[Exercise] When copying the data below, keep only the lines from the one with "Điều này có" through the one with "Sama halnya dengan", word for word, and skip the pictures.

(Data supplied begins)

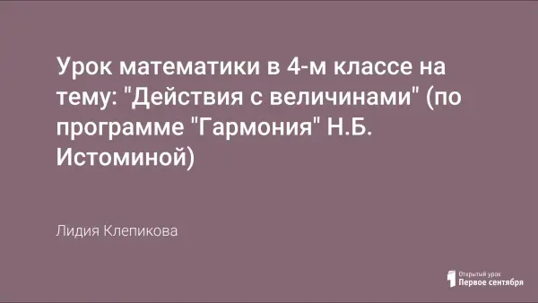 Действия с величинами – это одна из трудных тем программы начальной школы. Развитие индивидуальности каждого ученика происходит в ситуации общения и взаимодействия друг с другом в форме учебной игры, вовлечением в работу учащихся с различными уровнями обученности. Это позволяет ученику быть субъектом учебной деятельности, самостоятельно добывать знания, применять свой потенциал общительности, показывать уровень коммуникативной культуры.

(Data supplied ends)
(Data supplied begins)

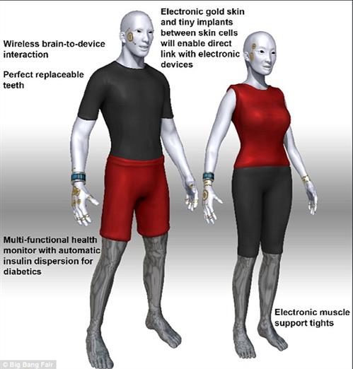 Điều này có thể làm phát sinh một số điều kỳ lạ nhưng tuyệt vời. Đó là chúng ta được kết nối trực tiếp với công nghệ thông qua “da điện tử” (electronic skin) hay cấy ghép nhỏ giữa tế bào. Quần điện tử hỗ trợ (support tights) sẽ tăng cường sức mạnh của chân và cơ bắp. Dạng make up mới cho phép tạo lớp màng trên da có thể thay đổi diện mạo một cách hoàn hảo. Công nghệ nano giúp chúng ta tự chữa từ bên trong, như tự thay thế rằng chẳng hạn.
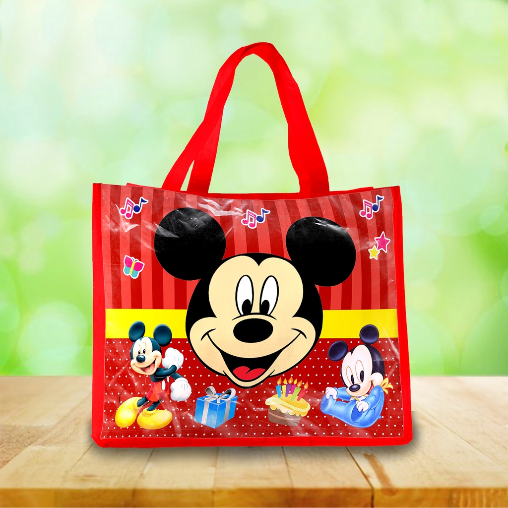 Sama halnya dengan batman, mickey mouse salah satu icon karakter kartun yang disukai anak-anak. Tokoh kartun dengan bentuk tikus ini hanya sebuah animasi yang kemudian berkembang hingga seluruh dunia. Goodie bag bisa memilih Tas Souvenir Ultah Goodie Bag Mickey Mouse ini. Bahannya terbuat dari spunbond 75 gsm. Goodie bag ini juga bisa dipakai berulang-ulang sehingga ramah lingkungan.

(Data supplied ends)

[Exercise answer]
 Điều này có thể làm phát sinh một số điều kỳ lạ nhưng tuyệt vời. Đó là chúng ta được kết nối trực tiếp với công nghệ thông qua “da điện tử” (electronic skin) hay cấy ghép nhỏ giữa tế bào. Quần điện tử hỗ trợ (support tights) sẽ tăng cường sức mạnh của chân và cơ bắp. Dạng make up mới cho phép tạo lớp màng trên da có thể thay đổi diện mạo một cách hoàn hảo. Công nghệ nano giúp chúng ta tự chữa từ bên trong, như tự thay thế rằng chẳng hạn.
 Sama halnya dengan batman, mickey mouse salah satu icon karakter kartun yang disukai anak-anak. Tokoh kartun dengan bentuk tikus ini hanya sebuah animasi yang kemudian berkembang hingga seluruh dunia. Goodie bag bisa memilih Tas Souvenir Ultah Goodie Bag Mickey Mouse ini. Bahannya terbuat dari spunbond 75 gsm. Goodie bag ini juga bisa dipakai berulang-ulang sehingga ramah lingkungan.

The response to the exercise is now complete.